#### [WORK INSTRUCTION]
Pictures in the listing below are skipped, while the lines from the "Young caucasian man" line through the "Paquet de 3" line are returned word for word.

################

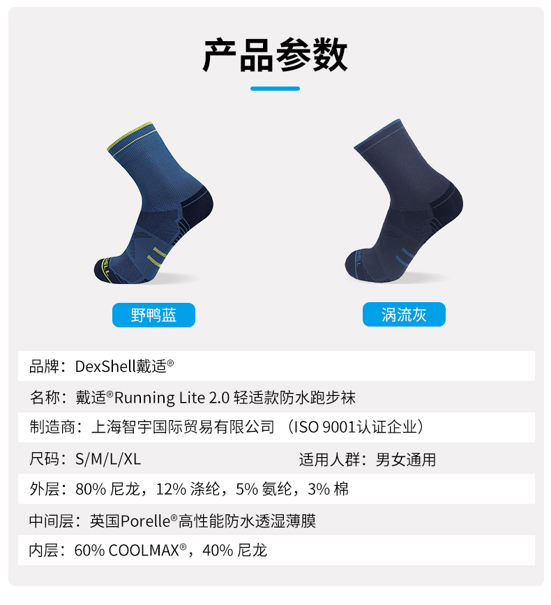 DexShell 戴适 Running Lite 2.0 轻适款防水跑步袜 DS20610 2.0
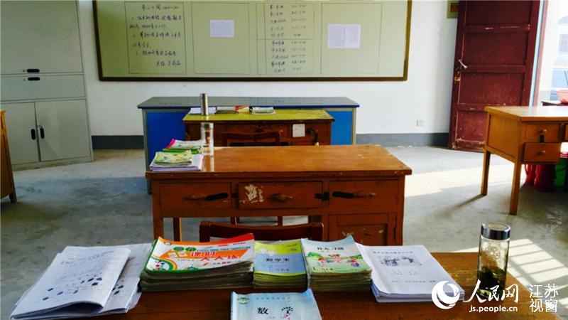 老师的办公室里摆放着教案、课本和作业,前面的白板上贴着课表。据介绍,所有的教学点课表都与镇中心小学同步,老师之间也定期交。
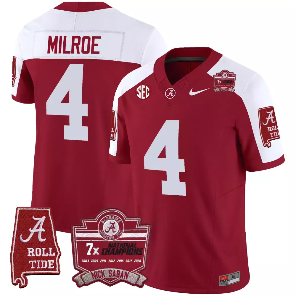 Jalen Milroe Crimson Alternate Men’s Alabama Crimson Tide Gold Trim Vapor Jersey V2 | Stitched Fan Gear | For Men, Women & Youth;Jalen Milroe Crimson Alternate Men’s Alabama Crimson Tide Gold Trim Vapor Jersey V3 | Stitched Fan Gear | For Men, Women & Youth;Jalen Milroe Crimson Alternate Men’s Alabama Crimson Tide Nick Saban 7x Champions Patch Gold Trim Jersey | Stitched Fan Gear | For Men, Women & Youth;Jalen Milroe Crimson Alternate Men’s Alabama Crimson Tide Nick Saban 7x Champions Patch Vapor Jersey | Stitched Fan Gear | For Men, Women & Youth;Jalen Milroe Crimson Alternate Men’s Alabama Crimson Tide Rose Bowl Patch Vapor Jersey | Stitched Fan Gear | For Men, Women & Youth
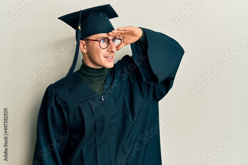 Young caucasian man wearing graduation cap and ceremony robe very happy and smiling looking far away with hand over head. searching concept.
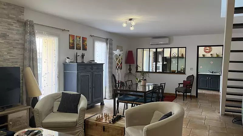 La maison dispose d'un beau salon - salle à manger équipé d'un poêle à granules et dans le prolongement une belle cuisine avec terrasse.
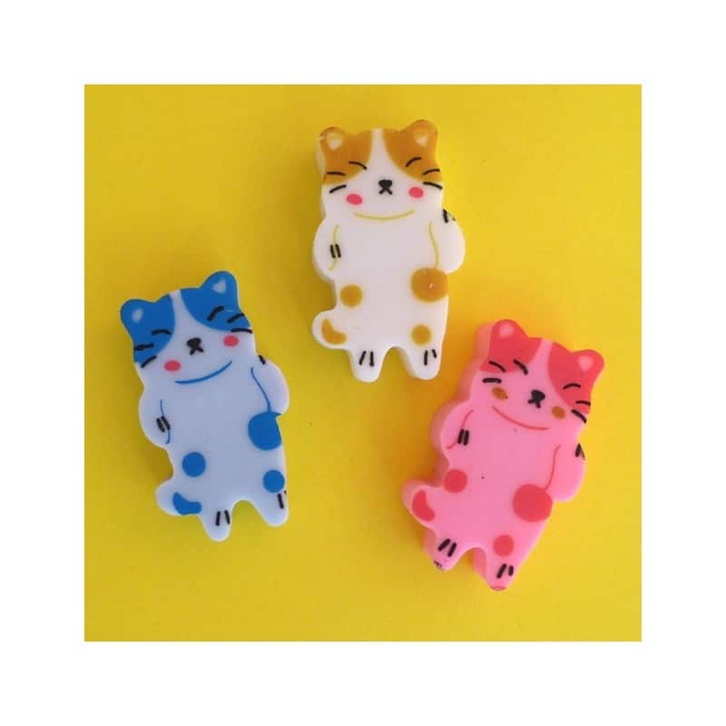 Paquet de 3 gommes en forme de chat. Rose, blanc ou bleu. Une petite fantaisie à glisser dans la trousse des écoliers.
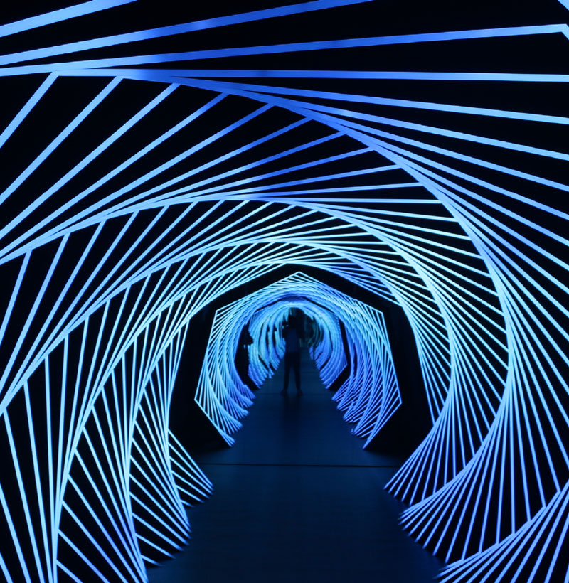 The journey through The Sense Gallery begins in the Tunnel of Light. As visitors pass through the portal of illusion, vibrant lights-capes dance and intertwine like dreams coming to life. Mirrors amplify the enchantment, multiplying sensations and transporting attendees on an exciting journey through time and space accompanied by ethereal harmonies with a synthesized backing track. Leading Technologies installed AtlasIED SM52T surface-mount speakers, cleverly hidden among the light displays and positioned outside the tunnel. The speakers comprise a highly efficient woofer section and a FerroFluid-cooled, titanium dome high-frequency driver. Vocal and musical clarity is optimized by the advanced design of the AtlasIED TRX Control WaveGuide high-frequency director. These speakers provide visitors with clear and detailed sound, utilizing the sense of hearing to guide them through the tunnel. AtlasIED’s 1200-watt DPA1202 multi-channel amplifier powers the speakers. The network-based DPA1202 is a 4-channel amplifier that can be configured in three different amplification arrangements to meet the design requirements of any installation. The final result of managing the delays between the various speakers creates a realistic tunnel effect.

################

#### [ANSWER TO THIS EXERCISE]
 Young caucasian man wearing graduation cap and ceremony robe very happy and smiling looking far away with hand over head. searching concept.
 La maison dispose d'un beau salon - salle à manger équipé d'un poêle à granules et dans le prolongement une belle cuisine avec terrasse.
 Paquet de 3 gommes en forme de chat. Rose, blanc ou bleu. Une petite fantaisie à glisser dans la trousse des écoliers.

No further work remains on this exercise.